TASK STATEMENT ::
What is needed is an exact repeat of the lines from the one holding "为进一步推进学风建设工作,营" through the final line of the data, with no pictures.

MATERIAL PROVIDED ::

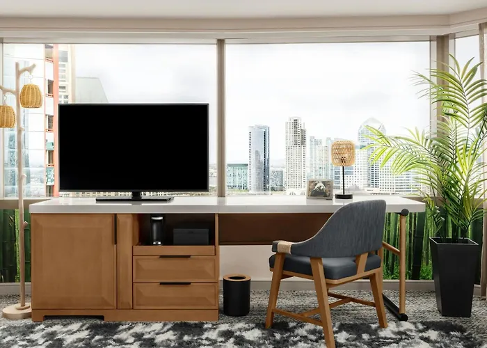 Featuring a bureau de change and a cash machine, the 4-star Marriott Marquis San Diego Marina Hotel is set just a few steps from the historical district of San Diego, 10 minutes' drive from San Diego Bay. Located a stroll from Seaport Village Shopping Complex, the upscale hotel with views of the city is well-known for its amenities including a treatment room, a hot tub and sauna facilities.
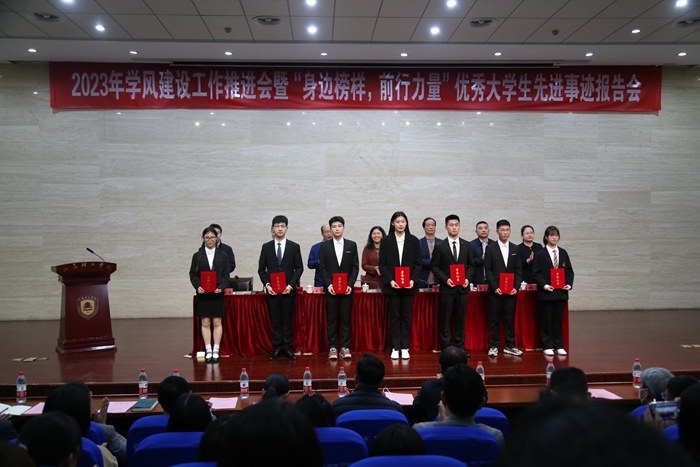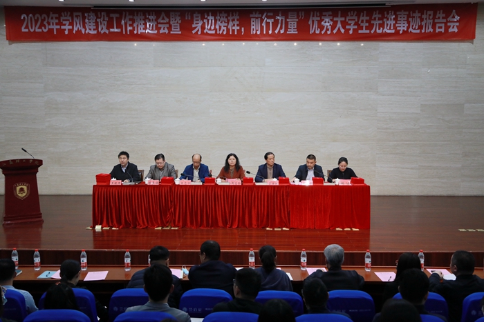 为进一步推进学风建设工作,营造良好的育人氛围,4月14日下午,我校在图书馆北报告厅召开2023年学风建设工作推进会暨“身边榜样,前行力量”优秀大学生先进事迹报告会。校党委副书记周兰珍,党委宣传部、教务处、学生工作处、保卫处、后勤保障处、团委等相关职能部门负责人以及各二级学院分管学生工作领导、辅导员、获奖学生代表等300余人参加了会议。大会由学生工作处处长王振伟主持。
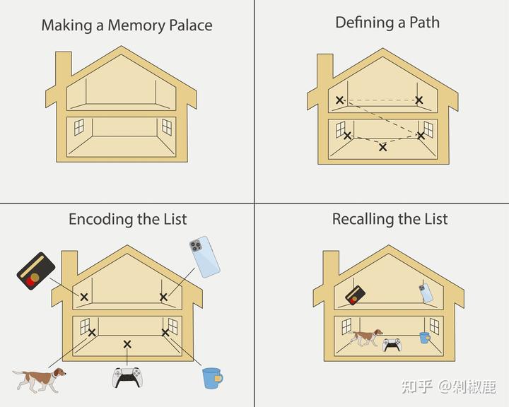 利用空间 + 视觉 + 故事,把抽象信息变成容易记的场景,极其适合记词汇、序列、演讲要点等。

OUTPUT OF THE EXERCISE ::
 为进一步推进学风建设工作,营造良好的育人氛围,4月14日下午,我校在图书馆北报告厅召开2023年学风建设工作推进会暨“身边榜样,前行力量”优秀大学生先进事迹报告会。校党委副书记周兰珍,党委宣传部、教务处、学生工作处、保卫处、后勤保障处、团委等相关职能部门负责人以及各二级学院分管学生工作领导、辅导员、获奖学生代表等300余人参加了会议。大会由学生工作处处长王振伟主持。
 利用空间 + 视觉 + 故事,把抽象信息变成容易记的场景,极其适合记词汇、序列、演讲要点等。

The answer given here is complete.